Reactions: Like 1 | Agree 1 | Informative 2


----------



## kev mac (29/11/16)

Mustrum Ridcully said:


> Higher VG juices are naturally a little bit sweeter also. With most tanks these days MAX VG wicks perfectly fine, matter of fact I moved to MAX to save a bit on juice.
> 
> I dont know if you have tried it but VM's Menthol Ice cures vaper's tongue with one drip. Highly recommended.


I will keep it (the VM's menthol)in mind as one can never have enough tools in the kit when battling VT. I went through a maddening few days but it's better today,maybe the worst is over.


----------



## kev mac (18/12/16)

Mustrum Ridcully said:


> Higher VG juices are naturally a little bit sweeter also. With most tanks these days MAX VG wicks perfectly fine, matter of fact I moved to MAX to save a bit on juice.
> 
> I dont know if you have tried it but VM's Menthol Ice cures vaper's tongue with one drip. Highly recommended.

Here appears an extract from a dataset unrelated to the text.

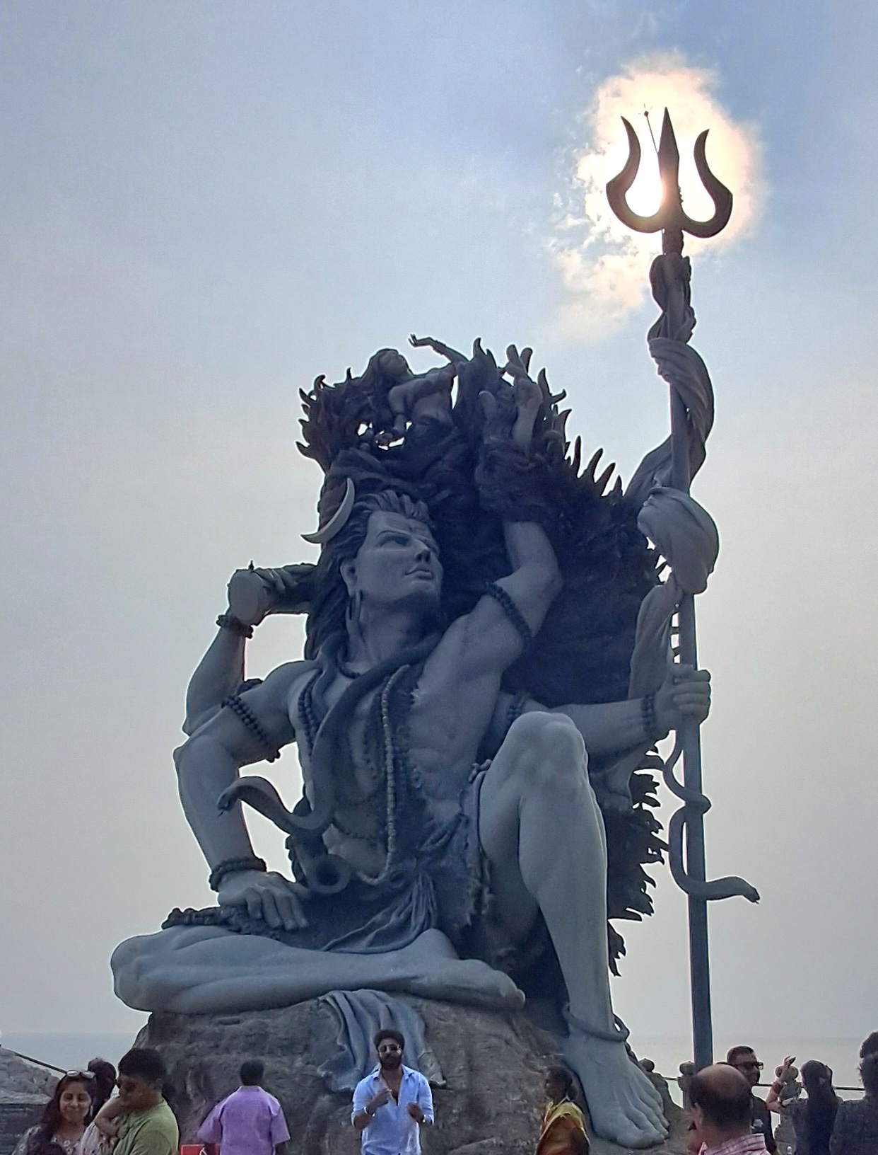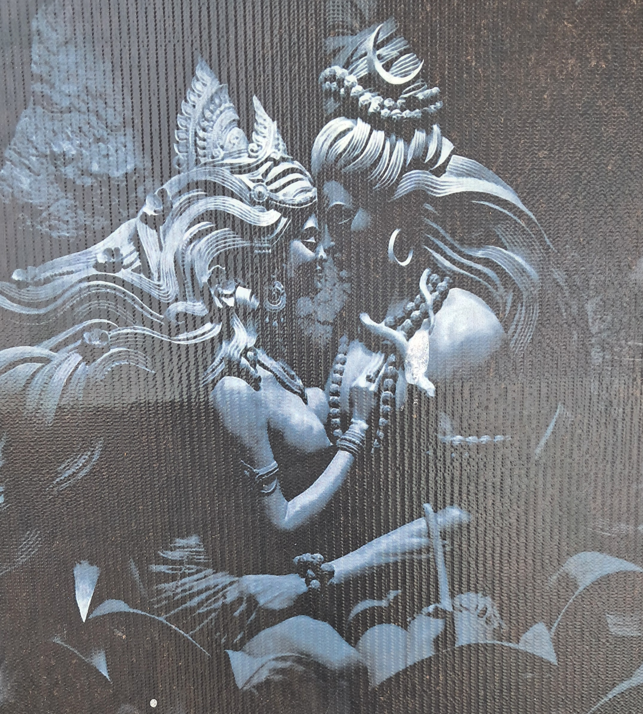 - et une force destructrice incarnée par Shiva. Il est représenté avec les cheveux longs, un 3ème œil et un croissant de lune à ses côtés, vêtu d'un pagne avec des cobras autour du cou, et muni d'un trident qu'accompagne un petit tambour, souvent assis en position méditative sur une peau de tigre. Il représente la Conscience Absolue, le destructeur des Illusions.
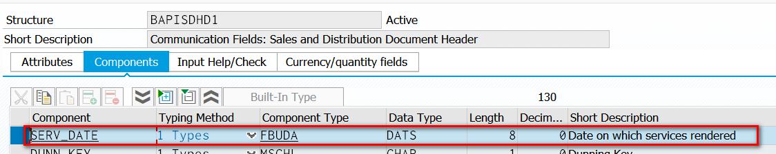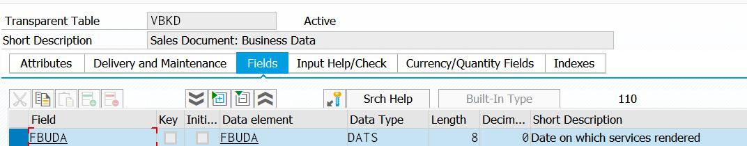 如果想知道一个Sales Order的SERV_DATE字段存储在哪张表,该怎么找呢?注意上图提示,SERV_DATE的类型是FBUDA. 记住这个FBUDA名称。

I need some help, I am horrible at math and I need to know how much vg would it take to make say 100 ml of 70vg30pg out of a base of 50-50pg,vg? I have a lot of 50-50 and would like to make some high vg recipes,so could i accomplish this by adding pure vg to my 50-50 base?


----------



## RichJB (18/12/16)

60ml 50:50 base = 30ml PG and 30ml VG
Add 40ml VG
You now have 30ml PG and 70ml VG

Reactions: Agree 1 | Thanks 1 | Informative 1


----------



## kev mac (18/12/16)

RichJB said:


> 60ml 50:50 base = 30ml PG and 30ml VG
> Add 40ml VG
> You now have 30ml PG and 70ml VG


At times I wish God gave me brains instead of good looks,seems you got both! Thanks mate.

Reactions: Like 2


----------



## PSySpin (18/12/16)

kev mac said:


> I need some help, I am horrible at math and I need to know how much vg would it take to make say 100 ml of 70vg30pg out of a base of 50-50pg,vg? I have a lot of 50-50 and would like to make some high vg recipes,so could i accomplish this by adding pure vg to my 50-50 base?

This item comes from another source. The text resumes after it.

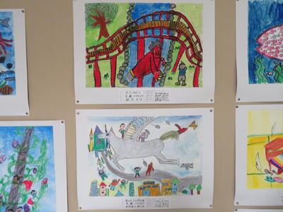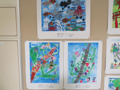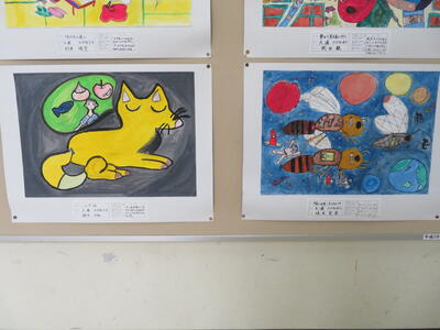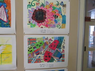 どの作品も力作です。良い作品が掲示されていると、児童の情緒育成にもつながりますね。
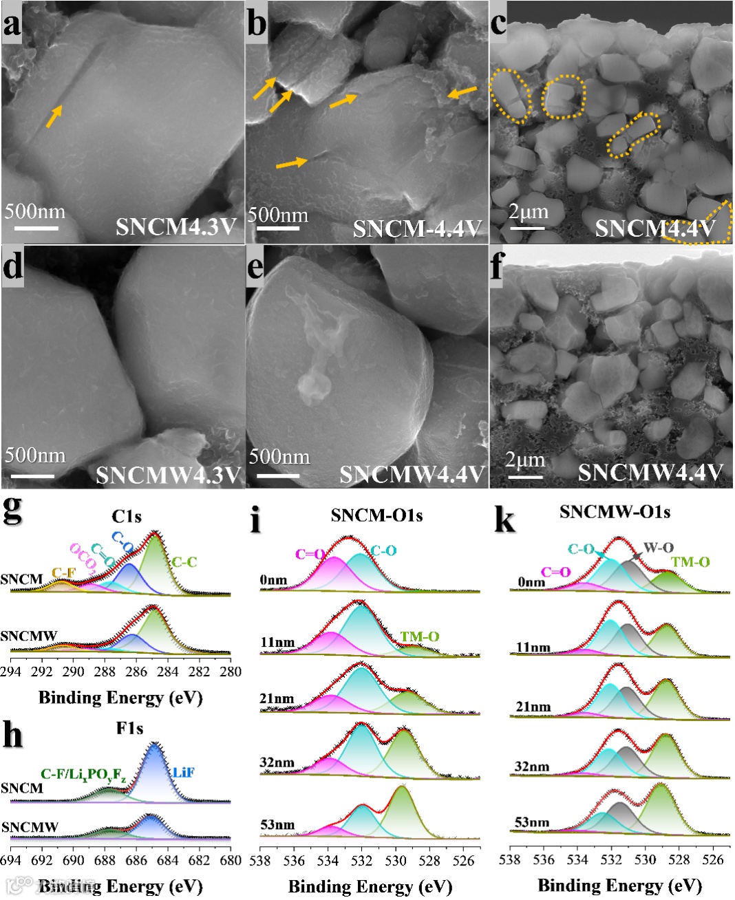 DEMS显示WO3表面处理后CO2(正极侧界面副反应量化指标) 产气量仅为包覆前的一半,且未进行表面处理的材料在4.3V左右O2产生后CO2产气激增,验证了表面处理后显著缓解了界面副反应,反映了表面处理后高电压下界面稳定性增强。

There is some nice calculators online and on Android platform that you can use to to help with your calculations. Here is a link to one that i think that most of us DIY guys love to use http://ejuice.breaktru.com/

Reactions: Thanks 1


----------



## RichJB (18/12/16)

Some handy formulae for changing the ratio of premixed bases:

To turn 50/50 into 70VG/30PG: 60% base + 40% VG. 
So if you want to make, say, 230ml of it, then 60% of 230 = 138ml base plus 40% of 230 = 92ml VG

To turn 50/50 into 60VG/40PG: 80% base + 20% VG

To turn 50/50 into 80VG/20PG: 40% base + 60% VG

To turn 70VG/30PG base into 50/50: 71% base + 29% PG (not exact but near as darnit)

To turn 70VG/30PG base into 60VG/40PG: 86% base + 14% PG (not exact but near as darnit)

To turn 70VG/30PG base into 80VG/20PG: 67% base + 33% VG (not exact but near as darnit)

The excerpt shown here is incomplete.